* Directions: Leave every picture out, and print the full listing again exactly.

Content starts

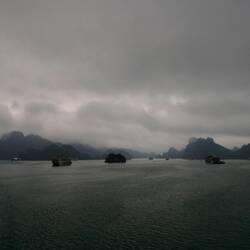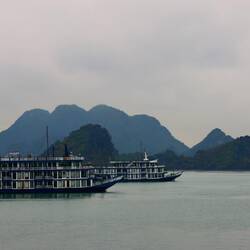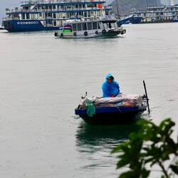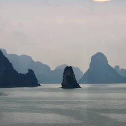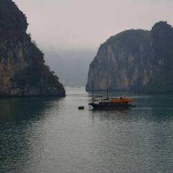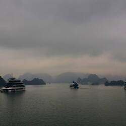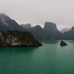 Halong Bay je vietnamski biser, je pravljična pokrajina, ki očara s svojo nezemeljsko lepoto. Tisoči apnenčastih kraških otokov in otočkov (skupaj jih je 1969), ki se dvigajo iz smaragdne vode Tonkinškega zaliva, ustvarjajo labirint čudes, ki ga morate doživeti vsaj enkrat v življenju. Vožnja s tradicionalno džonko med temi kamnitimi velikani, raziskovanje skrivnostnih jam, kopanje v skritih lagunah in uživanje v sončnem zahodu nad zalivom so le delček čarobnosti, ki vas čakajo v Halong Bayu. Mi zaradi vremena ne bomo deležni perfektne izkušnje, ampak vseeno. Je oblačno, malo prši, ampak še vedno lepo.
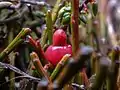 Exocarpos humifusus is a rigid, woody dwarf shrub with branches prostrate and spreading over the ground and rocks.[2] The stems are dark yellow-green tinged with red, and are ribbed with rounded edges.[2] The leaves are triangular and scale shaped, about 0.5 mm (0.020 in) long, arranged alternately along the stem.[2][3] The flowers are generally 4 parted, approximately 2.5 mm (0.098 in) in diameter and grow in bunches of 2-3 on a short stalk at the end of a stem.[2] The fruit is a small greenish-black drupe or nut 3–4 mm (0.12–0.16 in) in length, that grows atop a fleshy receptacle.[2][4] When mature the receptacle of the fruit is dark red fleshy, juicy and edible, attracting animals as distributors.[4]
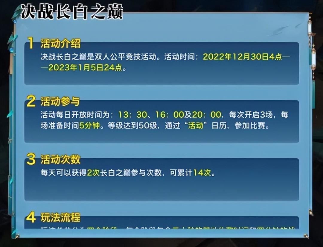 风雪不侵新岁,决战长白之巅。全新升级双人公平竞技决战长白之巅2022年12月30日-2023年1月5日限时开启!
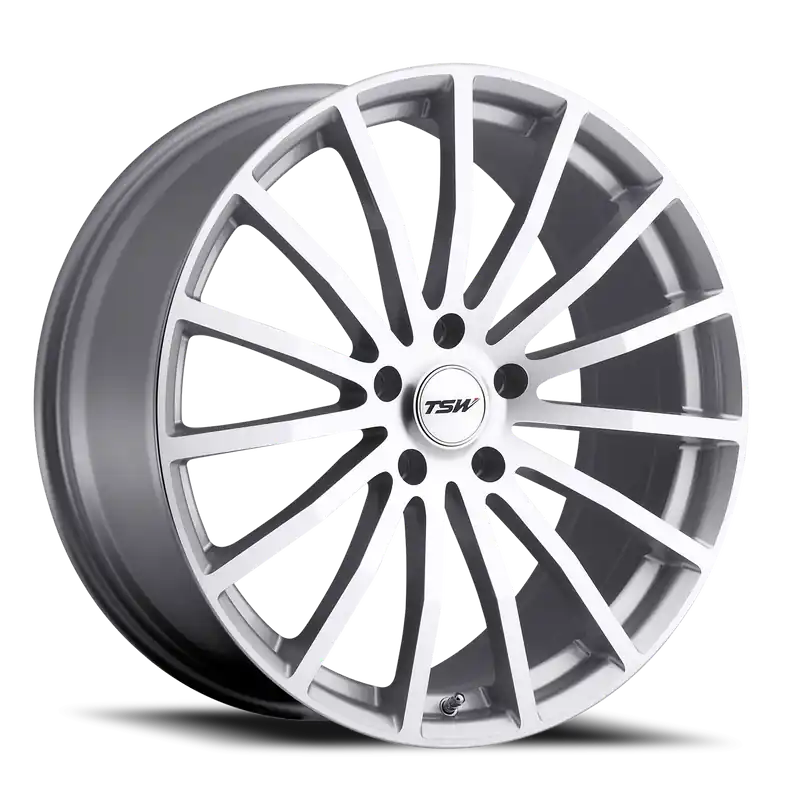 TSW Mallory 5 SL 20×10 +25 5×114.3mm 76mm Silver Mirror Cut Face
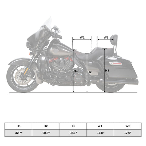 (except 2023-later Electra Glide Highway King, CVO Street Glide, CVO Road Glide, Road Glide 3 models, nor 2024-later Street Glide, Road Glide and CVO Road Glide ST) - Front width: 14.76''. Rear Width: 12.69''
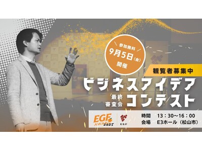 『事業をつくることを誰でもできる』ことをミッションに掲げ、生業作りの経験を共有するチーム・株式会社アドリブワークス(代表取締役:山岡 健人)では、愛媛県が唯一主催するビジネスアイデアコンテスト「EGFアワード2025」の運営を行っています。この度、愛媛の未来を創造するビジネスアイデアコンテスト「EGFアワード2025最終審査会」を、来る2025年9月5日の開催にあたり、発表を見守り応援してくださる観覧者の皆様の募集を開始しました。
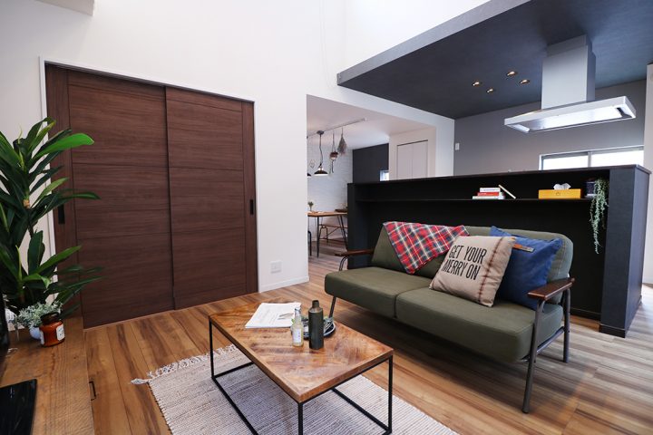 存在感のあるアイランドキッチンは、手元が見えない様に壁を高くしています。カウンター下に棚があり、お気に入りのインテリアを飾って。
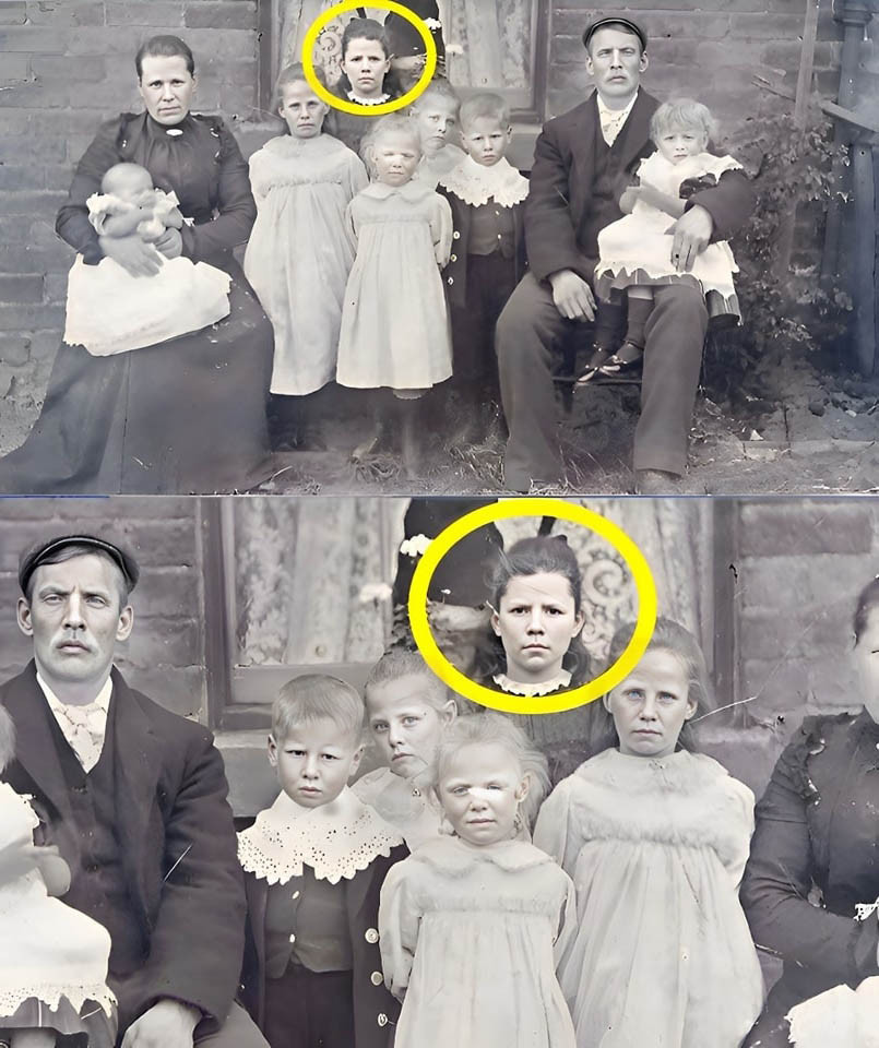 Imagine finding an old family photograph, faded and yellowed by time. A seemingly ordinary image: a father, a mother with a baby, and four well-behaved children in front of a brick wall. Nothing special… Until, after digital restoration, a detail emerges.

Content ends

* Written solution:
 Halong Bay je vietnamski biser, je pravljična pokrajina, ki očara s svojo nezemeljsko lepoto. Tisoči apnenčastih kraških otokov in otočkov (skupaj jih je 1969), ki se dvigajo iz smaragdne vode Tonkinškega zaliva, ustvarjajo labirint čudes, ki ga morate doživeti vsaj enkrat v življenju. Vožnja s tradicionalno džonko med temi kamnitimi velikani, raziskovanje skrivnostnih jam, kopanje v skritih lagunah in uživanje v sončnem zahodu nad zalivom so le delček čarobnosti, ki vas čakajo v Halong Bayu. Mi zaradi vremena ne bomo deležni perfektne izkušnje, ampak vseeno. Je oblačno, malo prši, ampak še vedno lepo.
 Exocarpos humifusus is a rigid, woody dwarf shrub with branches prostrate and spreading over the ground and rocks.[2] The stems are dark yellow-green tinged with red, and are ribbed with rounded edges.[2] The leaves are triangular and scale shaped, about 0.5 mm (0.020 in) long, arranged alternately along the stem.[2][3] The flowers are generally 4 parted, approximately 2.5 mm (0.098 in) in diameter and grow in bunches of 2-3 on a short stalk at the end of a stem.[2] The fruit is a small greenish-black drupe or nut 3–4 mm (0.12–0.16 in) in length, that grows atop a fleshy receptacle.[2][4] When mature the receptacle of the fruit is dark red fleshy, juicy and edible, attracting animals as distributors.[4]
 风雪不侵新岁,决战长白之巅。全新升级双人公平竞技决战长白之巅2022年12月30日-2023年1月5日限时开启!
 TSW Mallory 5 SL 20×10 +25 5×114.3mm 76mm Silver Mirror Cut Face
 (except 2023-later Electra Glide Highway King, CVO Street Glide, CVO Road Glide, Road Glide 3 models, nor 2024-later Street Glide, Road Glide and CVO Road Glide ST) - Front width: 14.76''. Rear Width: 12.69''
 『事業をつくることを誰でもできる』ことをミッションに掲げ、生業作りの経験を共有するチーム・株式会社アドリブワークス(代表取締役:山岡 健人)では、愛媛県が唯一主催するビジネスアイデアコンテスト「EGFアワード2025」の運営を行っています。この度、愛媛の未来を創造するビジネスアイデアコンテスト「EGFアワード2025最終審査会」を、来る2025年9月5日の開催にあたり、発表を見守り応援してくださる観覧者の皆様の募集を開始しました。
 存在感のあるアイランドキッチンは、手元が見えない様に壁を高くしています。カウンター下に棚があり、お気に入りのインテリアを飾って。
 Imagine finding an old family photograph, faded and yellowed by time. A seemingly ordinary image: a father, a mother with a baby, and four well-behaved children in front of a brick wall. Nothing special… Until, after digital restoration, a detail emerges.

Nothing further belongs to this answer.